Generative Adversarial Network Training is a Continual Learning Problem
Kevin J Liang, Chunyuan Li, Guoyin Wang, Lawrence Carin
TL;DR
Generative Adversarial Networks (GANs) exhibit unstable training such as mode collapse and oscillations, in part due to catastrophic forgetting by the discriminator as the generator's distribution evolves. The authors frame GAN training as a continual learning problem and augment the discriminator with memory-based regularizers inspired by elastic weight consolidation and intelligent synapses, implemented in an online, resource-efficient manner to yield EWC-GAN and IS-GAN. Across toy and real datasets (eight Gaussians, CelebA, CIFAR-10, and COCO Captions), these methods improve generation quality (FID/ICP, BLEU) with minimal computational overhead and no need for additional networks. This work positions GANs as a realistic continual learning benchmark and demonstrates that memory-aware discrimination can stabilize training and enhance performance.
Abstract
Generative Adversarial Networks (GANs) have proven to be a powerful framework for learning to draw samples from complex distributions.

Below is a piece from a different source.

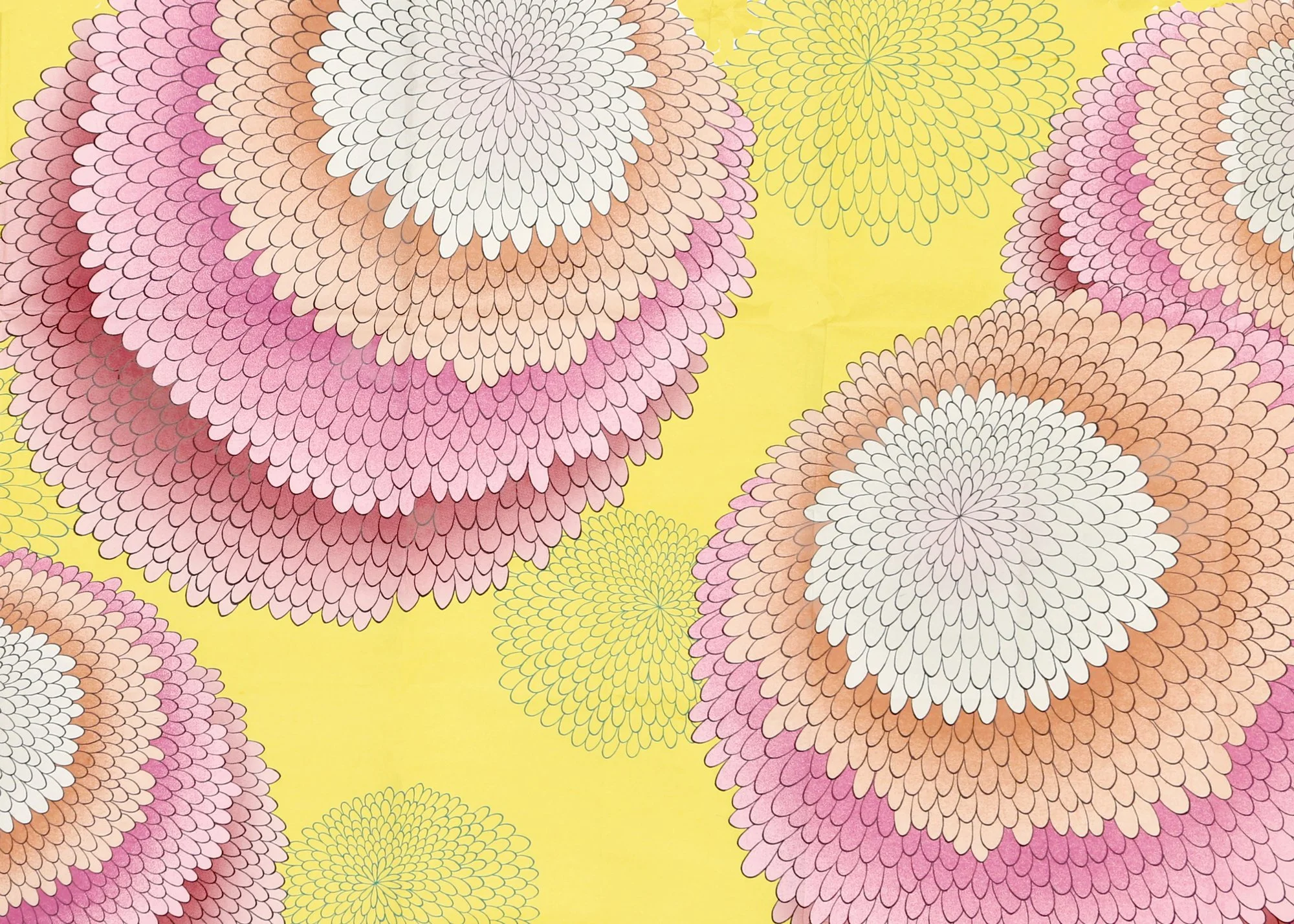 The voluminous, spherical chrysanthemums in this design express harmony and auspiciousness through their fullness and presence. By incorporating the rounded form of Western-style chrysanthemums and boldly stylizing them, the design gives a modern reinterpretation to a traditional motif.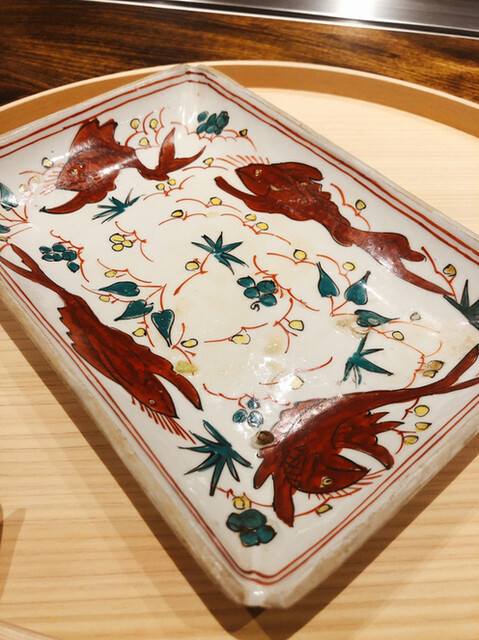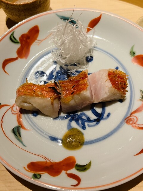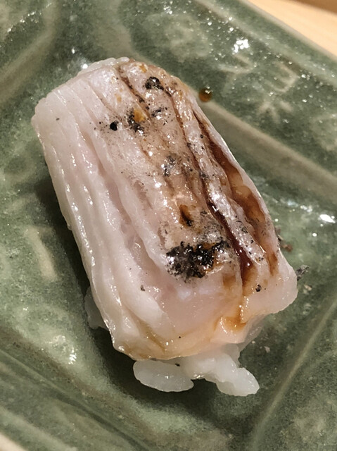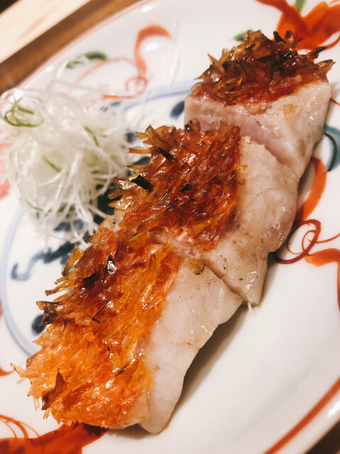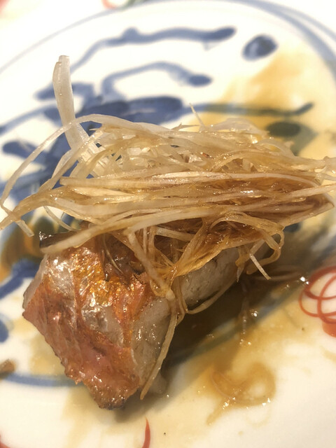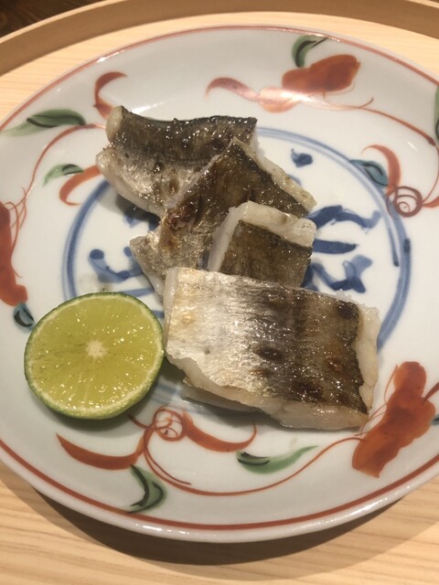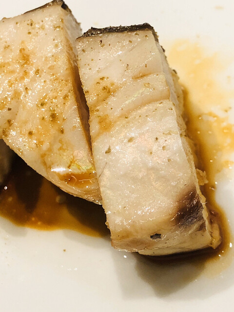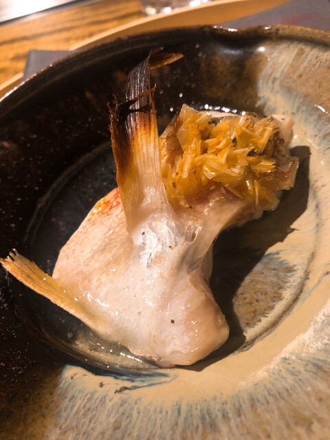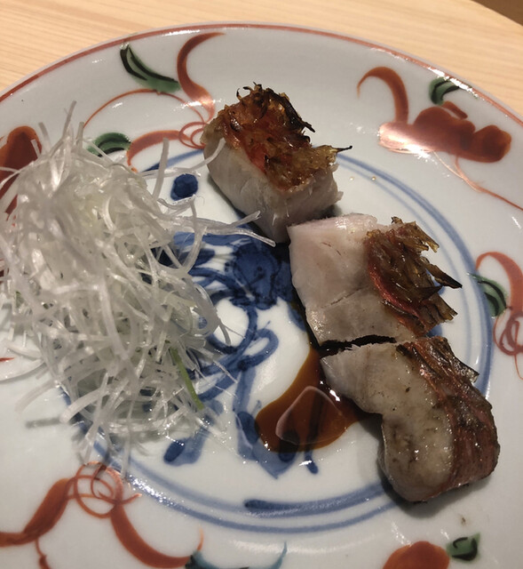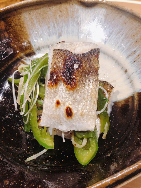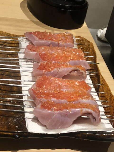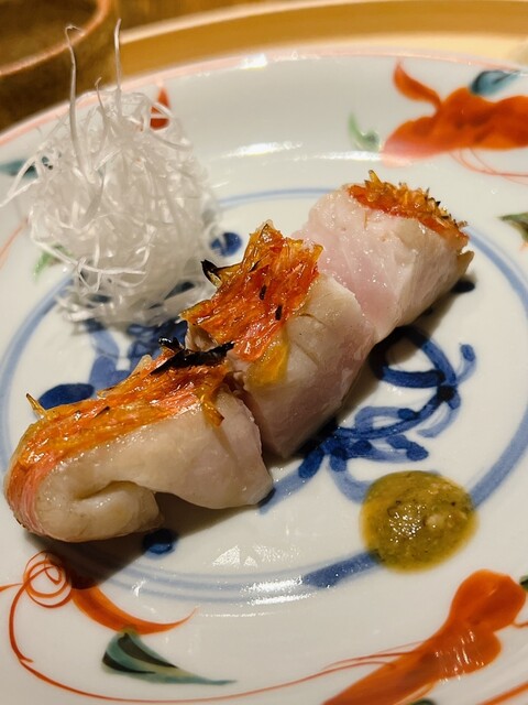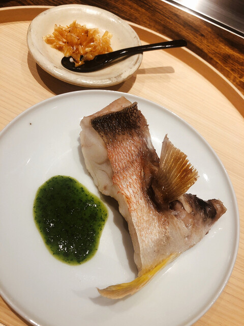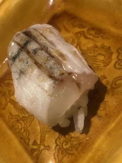 金目鯛の炭火焼き。スペシャリテです。松笠を炭火で仕上げているので、他店の太白回しかけと比べてしつこく無い

However, GANs are also notoriously difficult to train, with mode collapse and oscillations a common problem. We hypothesize that this is at least in part due to the evolution of the generator distribution and the catastrophic forgetting tendency of neural networks, which leads to the discriminator losing the ability to remember synthesized samples from previous instantiations of the generator. Recognizing this, our contributions are twofold. First, we show that GAN training makes for a more interesting and realistic benchmark for continual learning methods evaluation than some of the more canonical datasets. Second, we propose leveraging continual learning techniques to augment the discriminator, preserving its ability to recognize previous generator samples. We show that the resulting methods add only a light amount of computation, involve minimal changes to the model, and result in better overall performance on the examined image and text generation tasks.